The sediments north of Egilsgjóta up to the Mactra-Serripes boundary in the coastal section belong to the Tapes and Mactra mollusc Zones. These mollusc zones have traditionally been assigned to the Pliocene (cf. Eiríksson & Símonarson, 2020).

In summary, new mapping results presented by Eiríksson et al., (2020c) show that the sequence at the base of the Tjörnes beds is not straightforward and conformable, being separated tectonically by faults and probably originating from geographically widely separated parts of the sedimentary basin. These new results show that the relative age of, for example Bárðarson’s units 1, 2, and 3 cannot be determined from field relations. However, all these units, in separate tectonic blocks, were sampled by Verhoeven et al. (2011), and the arguments for a Pliocene age or a terminal Miocene age apply to all these units. Secondly, a considerable hiatus must be assumed to be present in the coastal section at Hallbjarnarstaðaá (Fig. 6.1), where the top of the Mactra Zone and the lowest part of the Serripes Zone are missing.

6.3.7 The Sequence of Strata Along the Coastline from the Skeifá Valley up to Höskuldsvík

Geological mapping of lignite unit F from coastal outcrops at the Skeifá waterfall towards Hallbjarnarstaðaá river (Fig. 6.1) has confirmed the overall sequence established by Bárðarson (1925). At the coastal section, the uppermost Mactra Zone rocks (Bárðarson’s units 11 and 12) display normal polarity, followed by normal polarity Serripes Zone rocks (Bárðarson’s units 13 to H). Units I to 25 represent, according to Kristjánsson (2004), a reversed polarity interval, but these sediments are capped by a normal polarity subaerial lava flow in Höskuldsvík. The lava is structurally conformable with the underlying sediments and there is no indication of an erosional contact. On the contrary, the basal part of the lava is brecciated with inclusions of the underlying sediment, which has evidently been soft at the time of lava emplacement. This uppermost unit of the Tjörnes beds (unit 25) displays an upwards coarsening, regressional sequence.
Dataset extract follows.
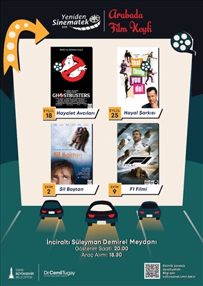 İzmirli sinemaseverlerin büyük ilgi gösterdiği Yeniden Sinematek Arabada Film Keyfi etkinliği kapsamında gerçekleşecek film gösterimleri, 18 Eylül-9 Ekim tarihleri arasında seyircisiyle buluşmaya hazırlanıyor. Dram, komedi, bilim kurgu ve müzik türlerinde dört filmin gösterileceği programda, farklı hikâyelere doğru yolculuğa çıkan izleyicilere aynı zamanda nostaljik bir film izleme deneyimi yaşatılacak. Hayalet Avcıları/Ghostbusters 18 Eylül, Hayal Şarkısı/That Thing You Do! 25 Eylül, Sil Baştan/Eternal Sunshine of the Spotless Mind 2 Ekim, F1 Filmi/F1: The Movie ise 9 Ekim günü saat 20.00’de İnciraltı Süleyman Demirel Meydanı’nda izleyici ile buluşacak. Araçların alana alımı ise saat 18.30’da gerçekleşecek.
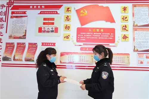 2020年2月在甘肃省女子强制隔离戒毒所一大队党员活动室。这张照片的我,在疫情封闭执勤期间,受到鼓舞向支部书记提交入党申请书。

Based on highest occurrence (HO) levels for several species of dinoflagellates within the Serripes Zone, and a new interpretation of the paleomagnetic data, Verhoeven et al. (2011) concluded that the top of the Serripes Zone could be dated to c. 4.0 Ma, and the boundary between the Mactra Zone and the Serripes Zone was placed at c. 4.5 Ma. They stated that “Reworking of the species from the Mactra sediments however appears unlikely. The basin was at the time not subjected to uplift and it is not very likely that wave currents alone caused a reworking of Mactra sediments.” With regard to the improved mapping control of the lithological units of the Barmur Group (traditional Tjörnes beds), the statement above can no longer be accepted. Direct evidence is now available of considerable erosion amounting to removal of at least 75 m thickness of Serripes Zone sediments and extending well down into the Mactra Zone sediments. Palynological samples from the lowest part of the Serripes Zone in the coastal section show considerable content of redeposited pollen grains, especially in Bárðarson’s unit 15, but also in unit 14 (Akhmetiev et al., 1978). A significant gap in the coastal section has thus been demonstrated (Eiríksson et al., 2020c). A sizeable body of sediment has been eroded and resuspended, and subsequently redeposited at a later stage than indicated by the microfossils derived from the original deposits. In the present age model, the reversed polarity sediments in Höskuldsvík are correlated to the Mammoth subchron of the Gauss geomagnetic chron (Fig. 6.4), having been deposited during the interval 3.2–3.3 Ma. The boundary between the Barmur Group and the overlying Höskuldsvík Group is therefore, considered to date from c. 3.2 Ma.

6.4 The Höskuldsvík Group

The Barmur Group of primarily sedimentary rocks is overlain in the coastal section along the west coast of Tjörnes Peninsula by subaerial basaltic lava flows (Fig. 6.2).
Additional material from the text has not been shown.